The Cabinet yesterday approved plans to invest up to £60 million in the VHI as part of a restructuring which will transform it from a statutory board to a commercial semi-state company.
Details of the Government's White Paper containing the proposals were not released yesterday. However, it is believed the State will retain a majority stake in the new company, making the necessary equity investment to put it on a commercial footing. Provision will be made for private investment at a later date.
Community rating, where subscribers are not penalised for their age, will be protected. A modified version of risk equalisation is proposed, recognising a competitive market while ruling out "cherry picking" by health insurance companies.
However, the proposals may be blocked by the European Commission if it decides the state subsidy is in breach of European competition law.

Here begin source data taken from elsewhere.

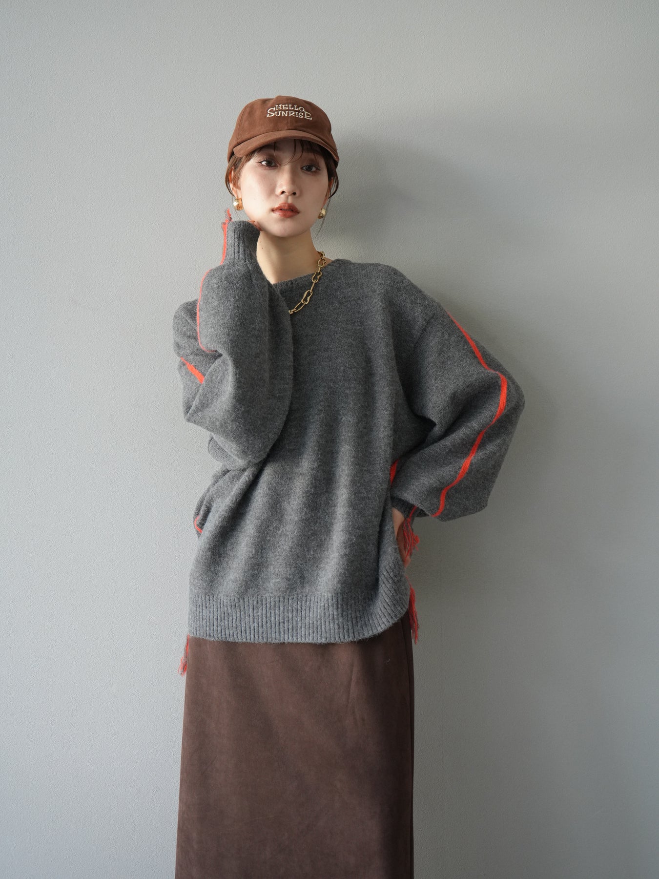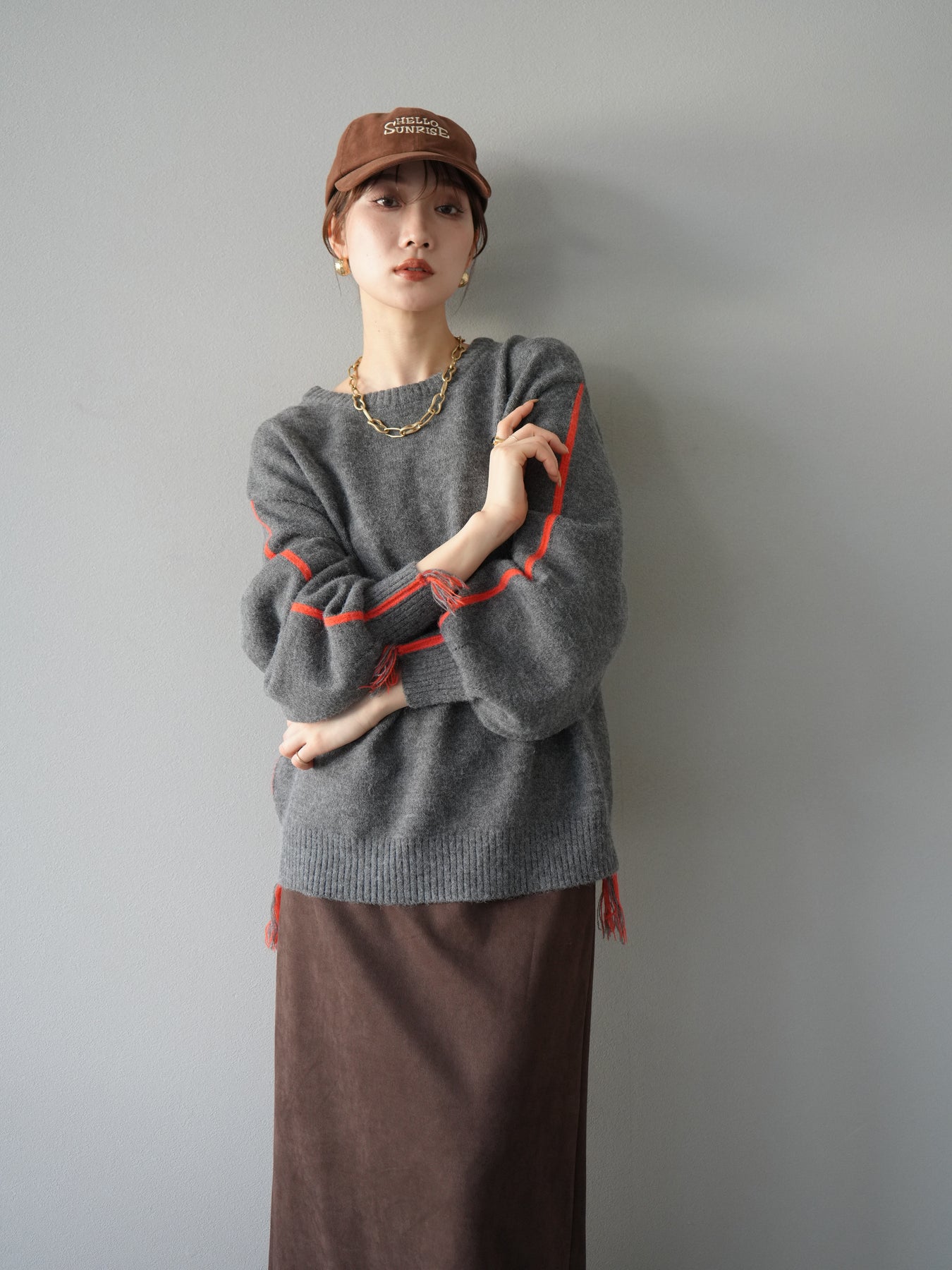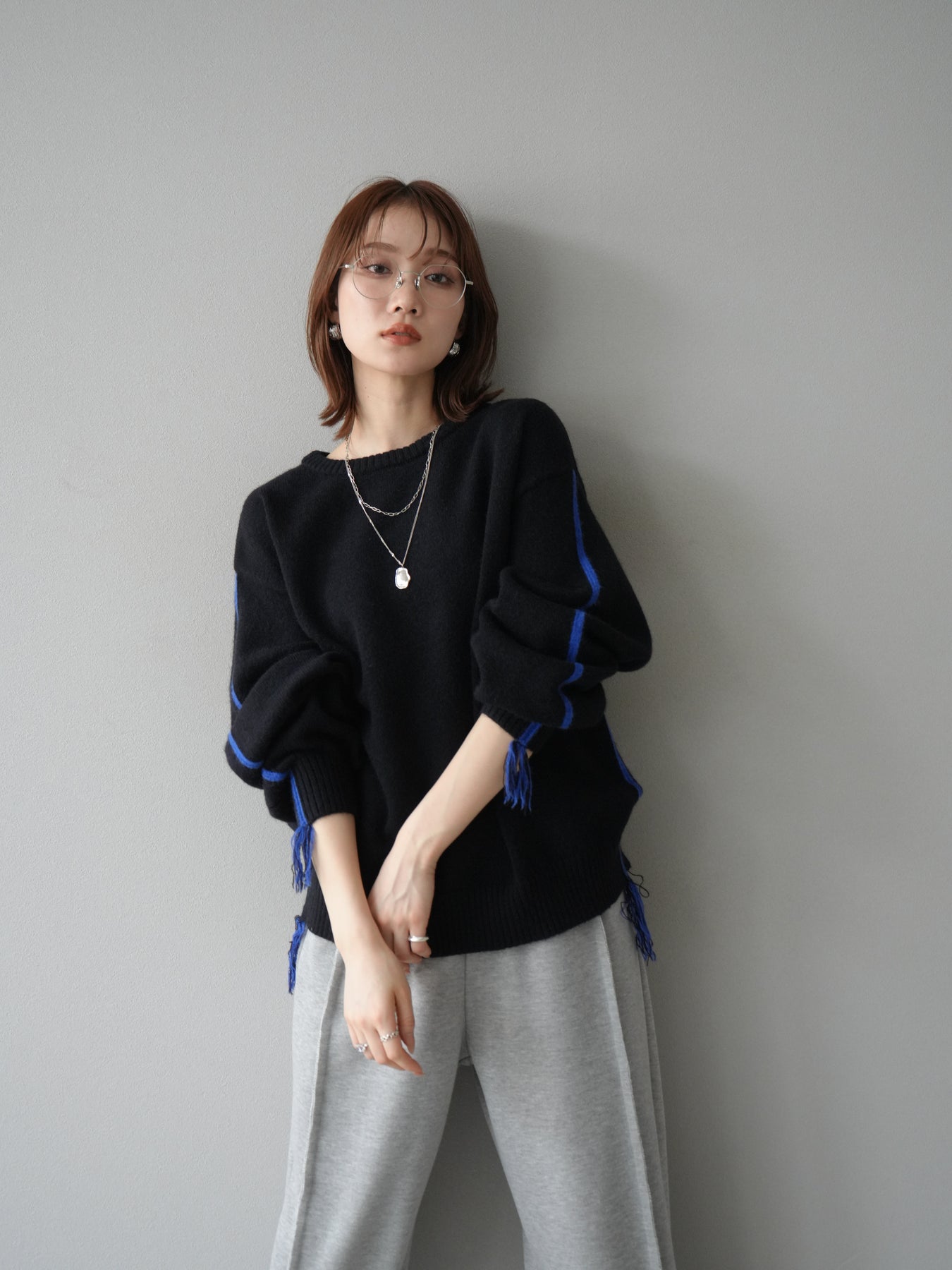 ◆ [予約]配色ステッチフリンジニットプルオーバー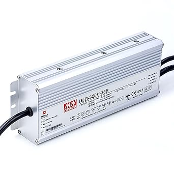 HLG-320H-36B LED Driver: 320W, 36V/8.9A, IP67 Waterproof, 95% Efficiency, Flicker-Free, Dimmable, Wide Input (90-305VAC), UL/CE – for Demanding Lighting Projects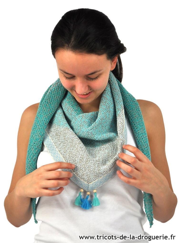 Il est tricoté avec 3 couleurs de « Bossa-Nova » (50% Lin et 50% Bambou).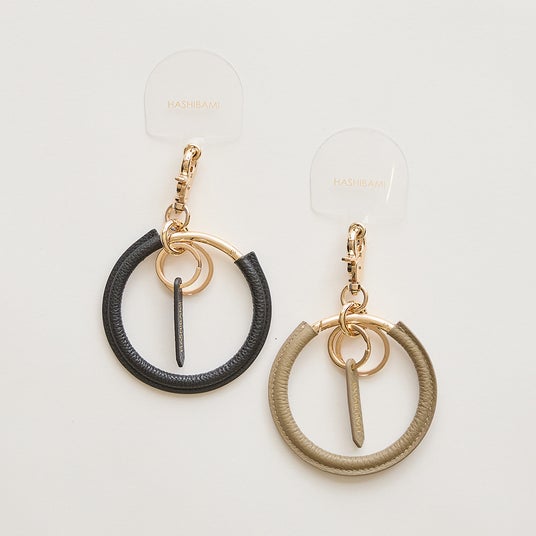 レザー付きのゴールドリングがまるでバングルのようなデザインの「ウィンドベルスマホハンドストラップ」。入荷後即完売し、再販希望のお声を多数いただいておりました!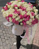 Вишукана композиція з кущових білих і рожевих троянд у великій капелюшній коробці. М’яка пудрова гама створює легкий перламутровий настрій — ідеально для освідчення, ювілею, весілля чи важливого життєвого моменту.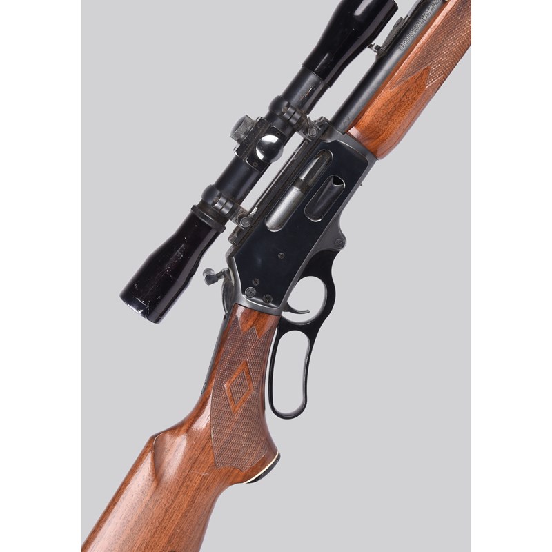 A .444 Marlin lever action Model 444 rifle, serial number 02061973, barrel 22 in. with hooded fore sight, tubular magazine, chequered pistol grip stock, fitted with a Lyman Challenger telescopic sight in quick detach rings. Section 1 - FAC or RFD required to purchase.

Officials from the Commission's Internal Market Directorate-General are believed to have had discussions with the Department of Health, the VHI and BUPA Ireland in recent weeks.
BUPA Ireland has already sought legal advice on the matter, but is awaiting the details of the White Paper before deciding whether or not it will take legal action.
Up to now the board's statutes required it to be self-financing and it was not required to build up reserves. However, its non-commercial ethos and legal restraints have hindered its operation, with ministerial approval required for every premium price change or product launch.
VHI chief executive Mr Oliver Tattan said the board was seeking commercial freedom and capitalisation from the new restructuring. The restraints it had operated under meant the market was under-developed and it wished to introduce a range of new insurance products.
The White Paper on health insurance is expected to be published within the next fortnight.